§ YOUR INSTRUCTIONS:
Find the line below with "Nach einiger Zeit" and the line with "Kurtka oferuje również". Output them and the lines between, exactly, but not the pictures.

§ EXTRACTED DATA:
============
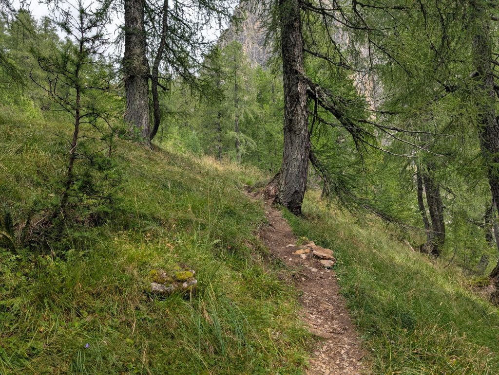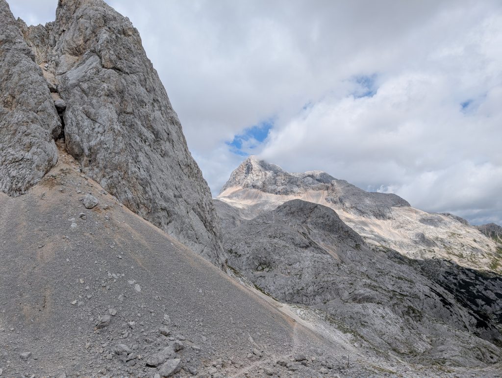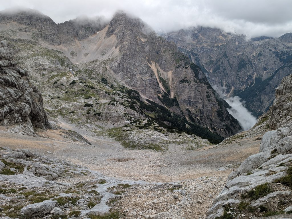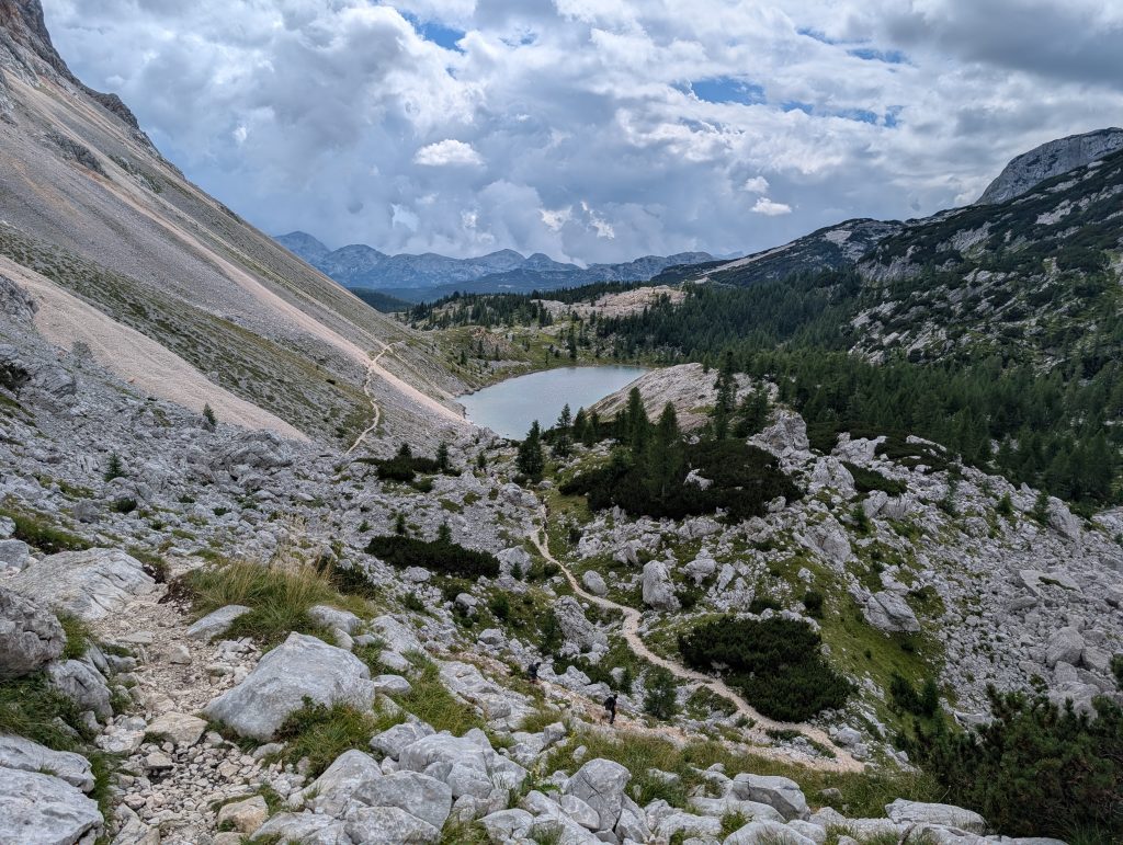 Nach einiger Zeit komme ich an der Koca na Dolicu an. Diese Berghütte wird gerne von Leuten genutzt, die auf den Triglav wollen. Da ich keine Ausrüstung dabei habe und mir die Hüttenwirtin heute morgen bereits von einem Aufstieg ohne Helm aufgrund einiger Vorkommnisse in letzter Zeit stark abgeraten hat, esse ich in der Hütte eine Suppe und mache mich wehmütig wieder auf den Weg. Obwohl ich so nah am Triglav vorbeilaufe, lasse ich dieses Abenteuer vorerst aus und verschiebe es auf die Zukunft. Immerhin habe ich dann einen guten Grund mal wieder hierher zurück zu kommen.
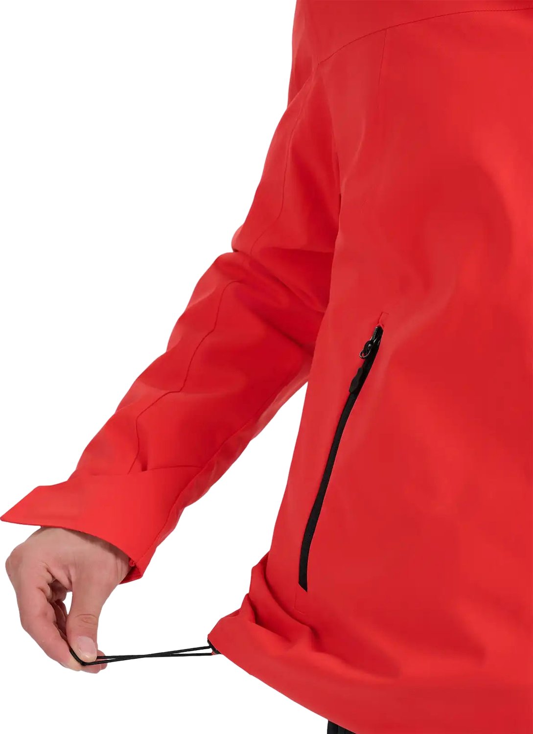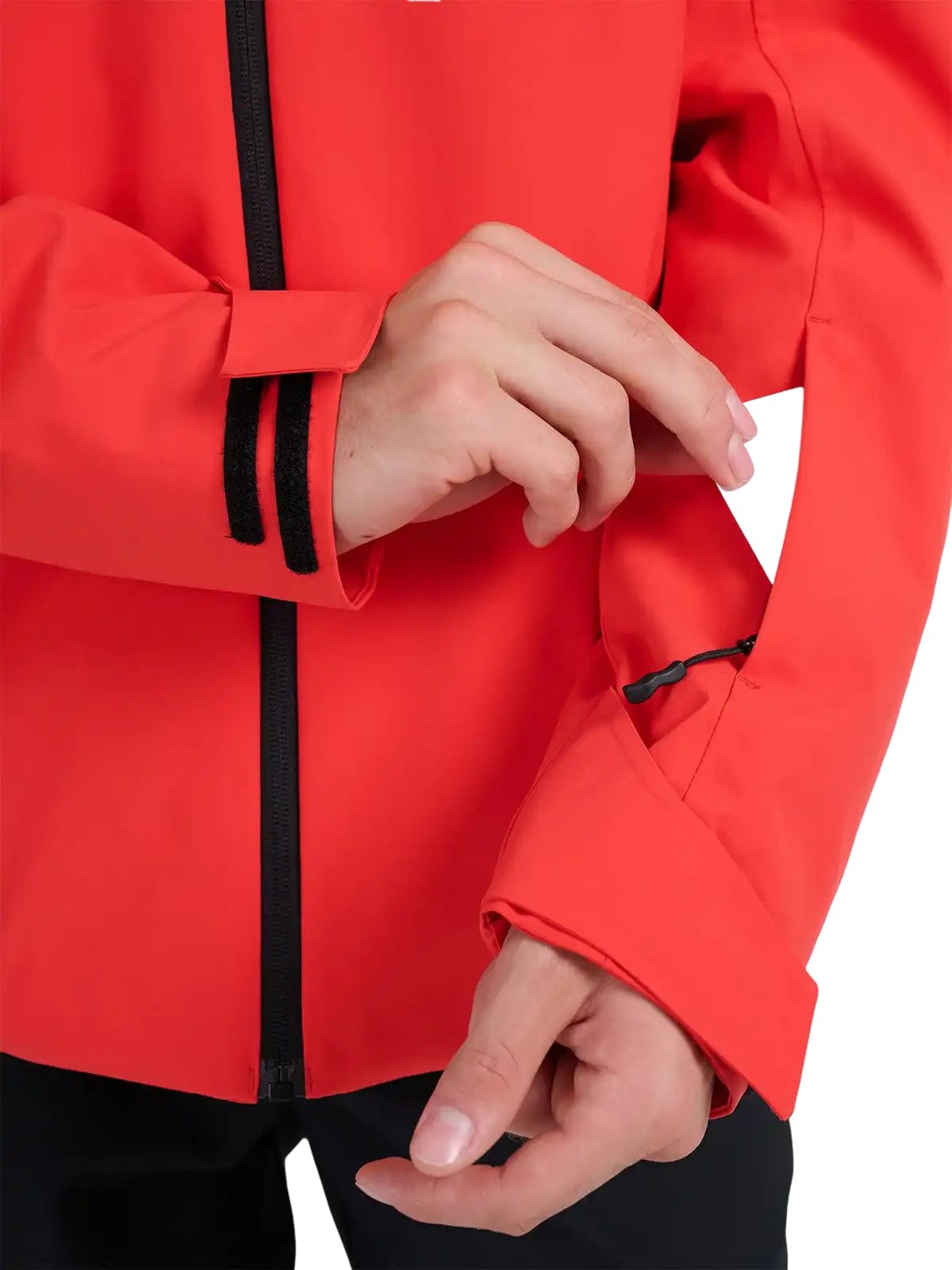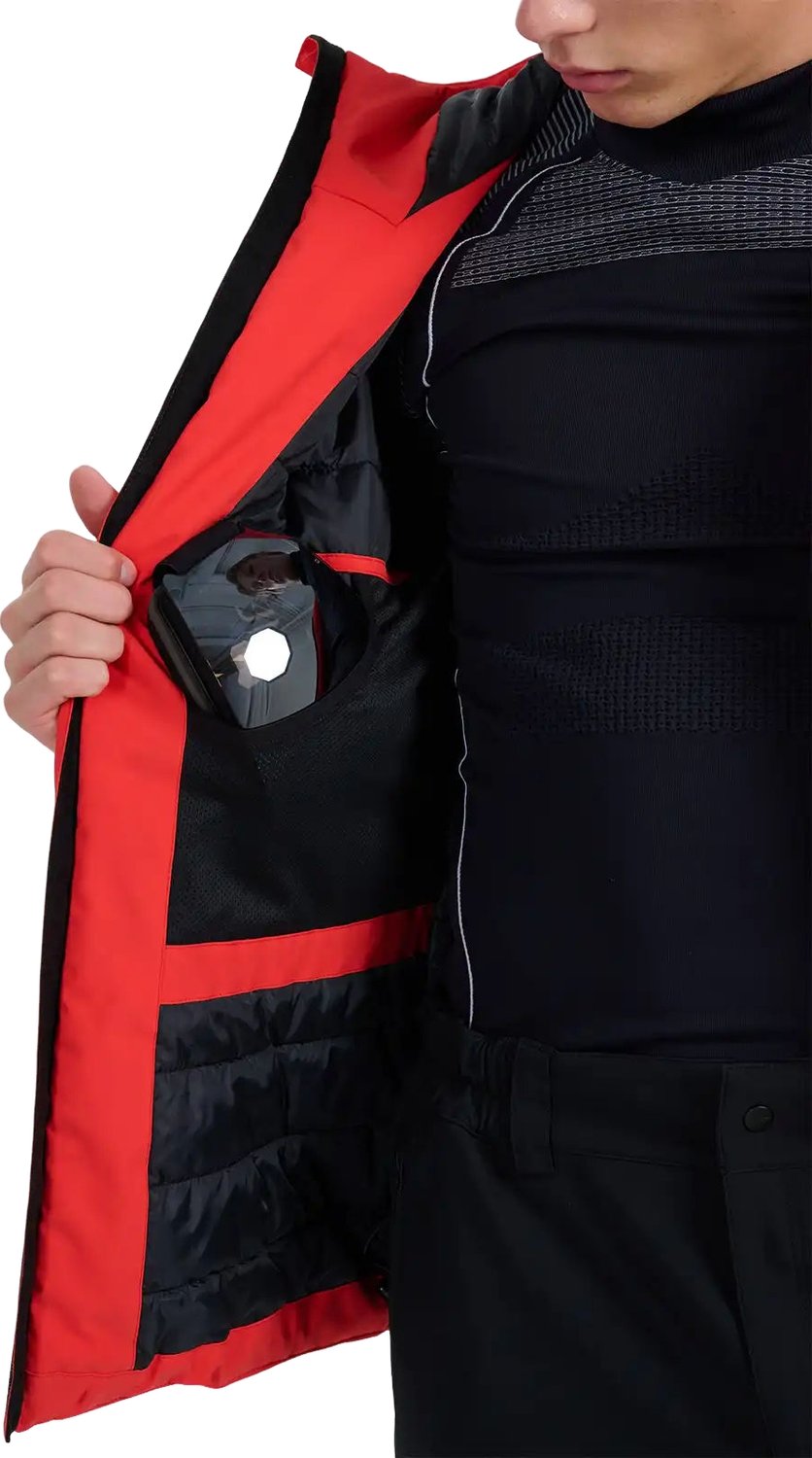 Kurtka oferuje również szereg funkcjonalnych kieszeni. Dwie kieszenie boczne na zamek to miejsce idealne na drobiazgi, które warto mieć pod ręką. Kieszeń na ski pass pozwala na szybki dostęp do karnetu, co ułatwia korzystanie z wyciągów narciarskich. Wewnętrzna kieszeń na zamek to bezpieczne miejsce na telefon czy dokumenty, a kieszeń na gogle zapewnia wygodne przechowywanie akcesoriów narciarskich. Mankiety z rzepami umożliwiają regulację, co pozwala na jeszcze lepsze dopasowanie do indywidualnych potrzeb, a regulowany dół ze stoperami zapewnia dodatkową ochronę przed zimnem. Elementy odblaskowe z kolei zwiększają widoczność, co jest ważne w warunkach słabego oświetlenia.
============
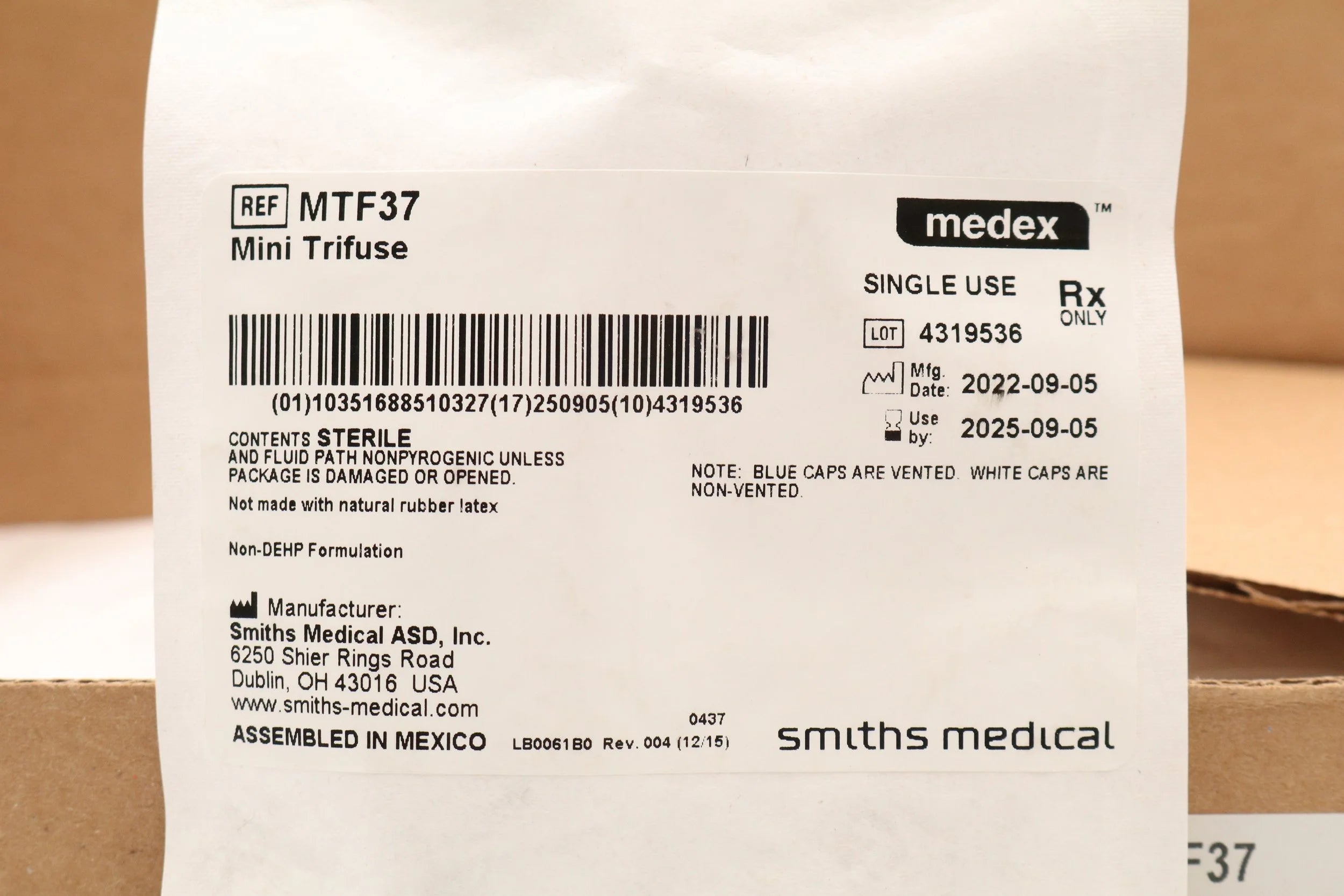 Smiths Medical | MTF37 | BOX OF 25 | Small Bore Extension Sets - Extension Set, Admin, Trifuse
============
§ OUTPUT FOR THIS TASK:
 Nach einiger Zeit komme ich an der Koca na Dolicu an. Diese Berghütte wird gerne von Leuten genutzt, die auf den Triglav wollen. Da ich keine Ausrüstung dabei habe und mir die Hüttenwirtin heute morgen bereits von einem Aufstieg ohne Helm aufgrund einiger Vorkommnisse in letzter Zeit stark abgeraten hat, esse ich in der Hütte eine Suppe und mache mich wehmütig wieder auf den Weg. Obwohl ich so nah am Triglav vorbeilaufe, lasse ich dieses Abenteuer vorerst aus und verschiebe es auf die Zukunft. Immerhin habe ich dann einen guten Grund mal wieder hierher zurück zu kommen.
 Kurtka oferuje również szereg funkcjonalnych kieszeni. Dwie kieszenie boczne na zamek to miejsce idealne na drobiazgi, które warto mieć pod ręką. Kieszeń na ski pass pozwala na szybki dostęp do karnetu, co ułatwia korzystanie z wyciągów narciarskich. Wewnętrzna kieszeń na zamek to bezpieczne miejsce na telefon czy dokumenty, a kieszeń na gogle zapewnia wygodne przechowywanie akcesoriów narciarskich. Mankiety z rzepami umożliwiają regulację, co pozwala na jeszcze lepsze dopasowanie do indywidualnych potrzeb, a regulowany dół ze stoperami zapewnia dodatkową ochronę przed zimnem. Elementy odblaskowe z kolei zwiększają widoczność, co jest ważne w warunkach słabego oświetlenia.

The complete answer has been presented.